Re: Problem in exclusive canonicalization? encoding underspecified

On Monday 30 June 2003 12:47, Martin Duerst wrote:
> I just have had a look at
> http://www.w3.org/TR/2002/REC-xml-exc-c14n-20020718, and found
> two problems, one of them i18n-related.
>
>
> 1) encoding underspecified?
>
> The exclusive canonical form of a document subset is a physical
> representation of the XPath node-set, as an octet sequence, produced by
> the method described in this specification.
>
> This does not at all say what the encoding is. Is this UTF-8? If yes,
> where is this specified? If no, what is the encoding?

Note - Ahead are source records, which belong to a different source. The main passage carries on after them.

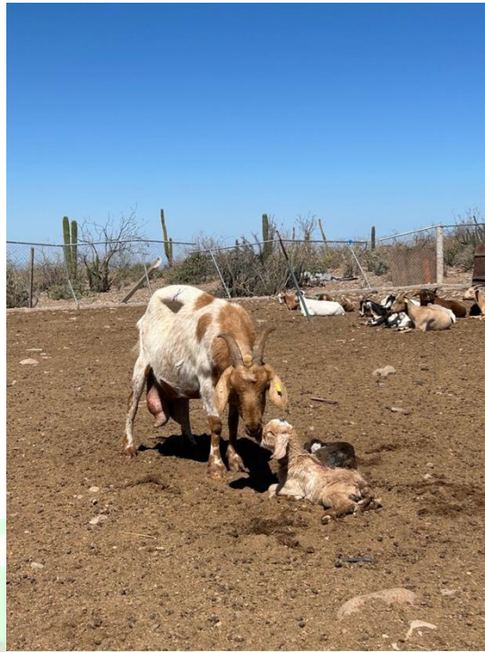
Figura 1. Cabra con su cría en la Sierra de San Francisco, Baja California Sur.

puede ser transmitida de la madre hacia las crías en las etapas pre y posnatal (Landau y Provenza 2020, Fig. 1).
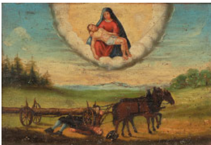
494 EX-VOTO "PIETÀ", óleo sobre madeira, português, séc. XIX, pequenos restauros Dim. - 22 x 32 cm
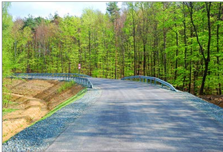
A 2014-ben átadott Kétvölgy - Felsőszölnök összekötő út eredeti térszínhez képest megemelt nyomvonala

Itt elválunk a Szentgotthárd felé továbbvezető Őrvidéki Piros Túra útvonalától és a Szalagozást követve a gerincen haladó földúton jobbra kanyarodunk. A Mala Polovna keskeny hátán lassan tovább emelkedünk, majd egy útcsomópontban jobb talajútra jutunk. A hangulatos fenyvesben "oldalazó" úton érkezünk meg az egykori "Felsőszölnöki miseút" nyomvonalán futó, 2014. január 10-én átadott, Kétvölgy - Felsőszölnök között vezető összekötő úthoz. Politikai és környezetvédelmi okokból az útépités jogszerűségét a mai napi is többen megkérdőjelezzik, sőt, le nem zárult bírósági eljárás is folyamatban van az új úttal kapcsolatban.
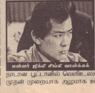
மன்னர் ஜிக்மி சிங்கி வாணக்கக் முடிசூடிக் கொண்டதன் 30 ஆம் ஆண்டு நிறைவை அந்நாட்டு மக்கள் கோலாகலமாகக் கொண்டாடுகின்றனர்.

மன்னர் ஜிக்மி சிங்கி வாணக்கக் முடிசூடிக் கொண்டதன் 30 ஆம் ஆண்டு நிறைவை அந்நாட்டு மக்கள் கோலாகலமாகக் கொண்டாடுகின்றனர். பூங்குடி மக்கள் நிறைந்த நாபான பூட்டானில் வெளி உலகத் தொடர்புகள் முதன் முறையாக அழமான ஊடுருவி இருப்பதால், மன்னரின் முடிசூட்டு விழா கொண்டாட்டங்கள் சர்வதேச ஊடகங்களில் இடம்பெற்றுள்ளன. வழக்கமாக பூட்டானின் பாரம்பரிய முறைப்படி மூங்கில்களால் தயாரிக்கப்பட்ட அம்பு, வில்களை பயன்படுத்தி நடத்துபடும் விருட்டோடியில் இந்த வருடம் ஒலிம்பிக் போட்டிகளில் பயன்படுத்தப்படும் உபகரணங்களே வில்வீரர்களால் பயன்படுத்தப்பட்டதாகக் கூறப்படுகிறது. இமயமலையின் மடியில் பின்தங்கியிருந்த பூட்டான் நவநாகரிக உலகுடன் இணையத் தொடங்கிவிட்டதையே இது எடுத்துக் காட்டுகிறது. (ஏ)
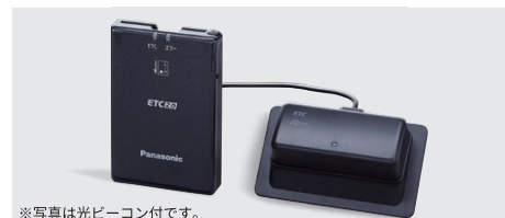
※写真は光ビーコン付です。
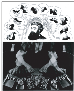
1975, Il Lavoro

Is the reader
> supposed to go check elsewhere?

Hey Martin, one has to chase it a bit:

| http://www.w3.org/TR/2002/REC-xml-exc-c14n-20020718/#sec-Specification
| The data model, processing, input parameters, and output data for 
| Exclusive XML Canonicalization are the same as for Canonical 
| XML [XML-C14N] with the following exceptions

| http://www.w3.org/TR/2001/REC-xml-c14n-20010315#ProcessingModel
| The XPath node-set is converted into an octet stream, the canonical 
| form, by generating the representative UCS characters for each node in 
| the node-set in ascending document order, then encoding the result 
| in UTF-8 (without a leading byte order mark).


> 2) what is 'visible'?
>
> The document says "namespace nodes that are not on the
> InclusiveNamespaces PrefixList are expressed only in start tags where
> they are visible and if they are not in effect from an output ancestor of
> that tag."
> The word 'visible' turns up only one more time, again not in a defining
> context. Readers probably can work out what 'visible' is supposed to
> mean from context and examples, but that's not how a spec should work,
> I guess.

I suppose we should've been more careful with those terms and linked to the 
following definition:

| http://www.w3.org/TR/2002/REC-xml-exc-c14n-20020718/#def-visibly-utilizes
| An element E in a document subset visibly utilizes a namespace
| declaration, i.e. a namespace prefix P and bound value V, if E or an
| attribute node in the document subset with parent E has a qualified name
| in which P is the namespace prefix. A similar definition applies for an
| element E in a document subset that visibly utilizes the default namespace
| declaration, which occurs if E has no namespace prefix.

Basically, does any of the subset actually need that namespace?

Received on Monday, 30 June 2003 15:29:30 UTC